2. Literature Review 

Considering errors seems inevitable in language testing. “Because error will always be present in the use of any 
test, it is essential that we build the expectation of error in to decision-making procedures” (Fulcher & Davidson, 
2007, p. 114). 

Fulcher (2013) contends that all the effects of testing should be taken into consideration in order to be able to 
evaluate the overall impact that our actions have (Fulcher, 2013, p. 22). This can also be generalized to errors 
that occur in tests and their effects that can affect the test-taker’s performance. 

According to Backman (1990), “in any language situation, as with any non-test situation in which language use 
is involved, the performance of an individual will be affected by a large number of factors, such as the testing 
context, the type of tasks required, and the time of the day, as well as her mental alertness at the time of the test, 
and her cognitive and personality characteristics” (Backman, 1990, p. 31). Sometimes disorders occur in mental 
alertness due to some errors in tests. 

Rhoades and Madaus (2003) contend that errors occur when test questions are ambiguous, poorly designed, or 
miskeyed and on a high-stakes exam, one poorly written question can determine a student’s classification as 
“passing” or “failing,” and reversal is difficult.” (Rhoades & Madaus, 2003, pp. 16-17) 

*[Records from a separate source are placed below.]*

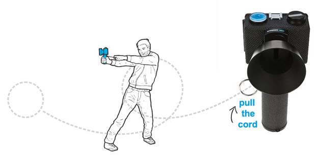 Håll kameran med en hand och dra i snöret med det andra. Kameran roterar samtidigt som filmen dras fram synkroniserat och panoramabilden är ett faktum.
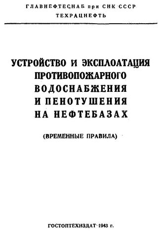 Временные правила по устройству и эксплуатации противопожарного водоснабжения и пенотушения на предприятиях Главнефтеснаба при СНК СССР. - М., 1943.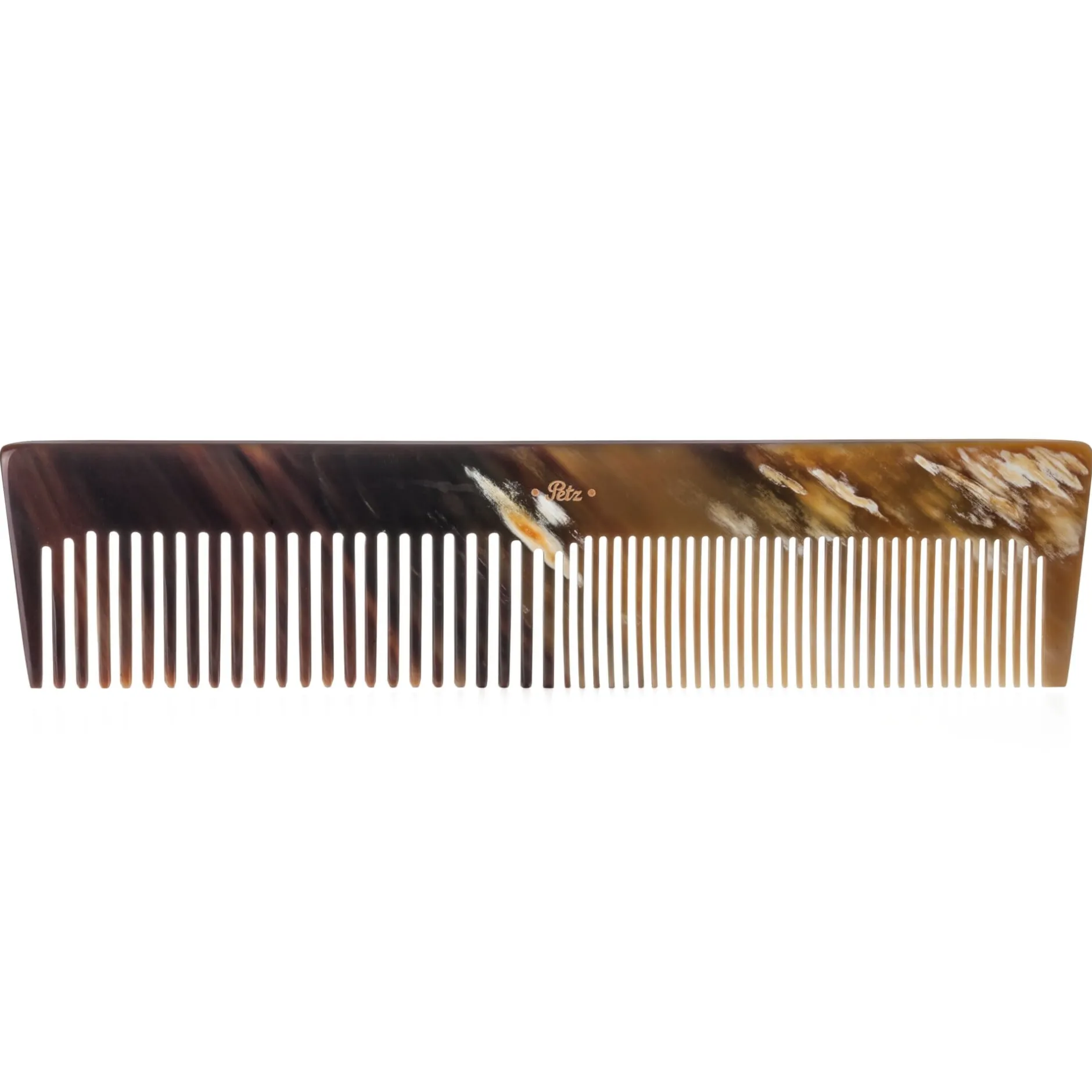 Unsere Auswahl an Kämmen – aus Horn, Holz und Ebonit – ist zudem an der jeweils höchsten Verarbeitungsqualität orientiert (nur so kann das Haar schonend gekämmt werden): Zähne und Zahnzwischenräume sind in jeweils materialgerechten Verfahren sorgfältig gesägt, abgerundet und poliert.

When those responsible for constructing the questions, assembling the trial test, and reviewing it, are satisfied 
that each question meets the criteria for relevant, reasonable, valid and fair items, the test is ready for trial. Only 
items which have survived this review should be subjected to trial with candidates like those who will eventually 
attempt the final version of the test (Izard, 1998). 

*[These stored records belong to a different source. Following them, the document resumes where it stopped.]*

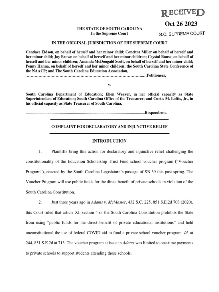 Petitioners, v. South Carolina Department of Education; Ellen Weaver, in her official capacity as State Superintendent of Education; South Carolina Office of the Treasurer; and Curtis M. Loftis, Jr., in his official capacity as State Treasurer of South Carolina, .........................................................................................................................Respondents. ____________________________________________________________ COMPLAINT FOR DECLARATORY AND INJUNCTIVE RELIEF _____________________________________________________________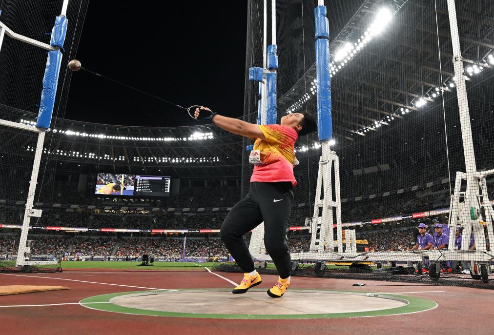9月15日,2025年世界田徑錦標(biāo)賽女子鏈球決賽在日本東京舉行,圖為中國(guó)選手張家樂在比賽中試投。新華社記者 宋彥樺 攝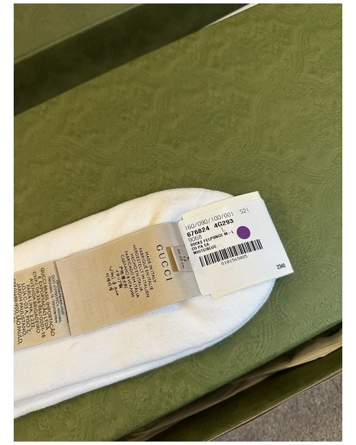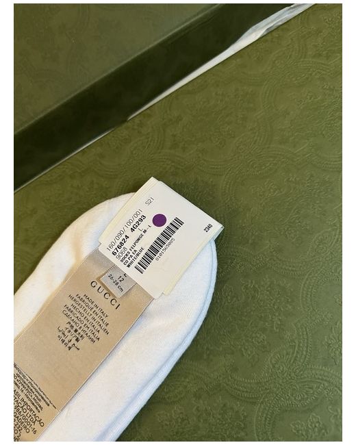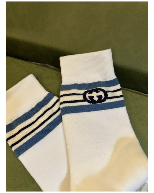 These Gucci socks in size Large are designed for Unisex Adults, made of white cotton material. They are crew socks, suitable for casual wear.

Buck (1990) attributes the negative result to lack of attention to the questions or to a low level of interest in the 
content of the text, concluding that, ‘Question preview may not motivate listening as much as test developers 
hope’. 

Cohen (1998) and Nevo (1989) both found test takers in MCQ reading comprehension tests tended to adopt a 
strategy of matching the options with the text and selecting an option because (a) it had a word/words that also 
appeared in the text; (b) it had words similar in sound, or meaning, to words in the text; (c) it had a word which 
belonged to the same word family as a word appearing in the text; or (d) it just seemed to be related in some 
other way to word(s) in the text. 

A quality teacher-made test should follow valid item-writing rules, but as many researchers point out, empirical 
studies establishing the validity of item-writing rules are in short supply and often inconclusive, and, “item 
writing-rules are based primarily on common sense and the conventional wisdom of test experts” (Millman & 
Greene, 1993, p. 353). 

Frey, Edwards, Petersen, Pedrotti, and Peyton (2005) maintain that teachers of classroom assessment must rely 
on advice, opinion, experience, and common sense to direct their students in constructing classroom tests that 
produce reliable and valid scores. 

Moreover, each of the four moderators of accuracy (judge, target, trait, and information) may combine with other 
moderators to form interaction effects. For example, the interaction of trait characteristics and rating targets is 
referred to as “palpability.” Palpability describes a situation in which “traits...stand out in certain targets, 
relative.. .to the same trait in other targets” (Funder, 1995, p. 664). In other words, this effect could occur when a 
trait possesses certain characteristics when rating oneself, but different characteristics when rating others 
(Russell & Zickar, 2005). 

This study aims at answering to the following questions: 

1) Do wrong items in a question have an impact on the answer to the next question? 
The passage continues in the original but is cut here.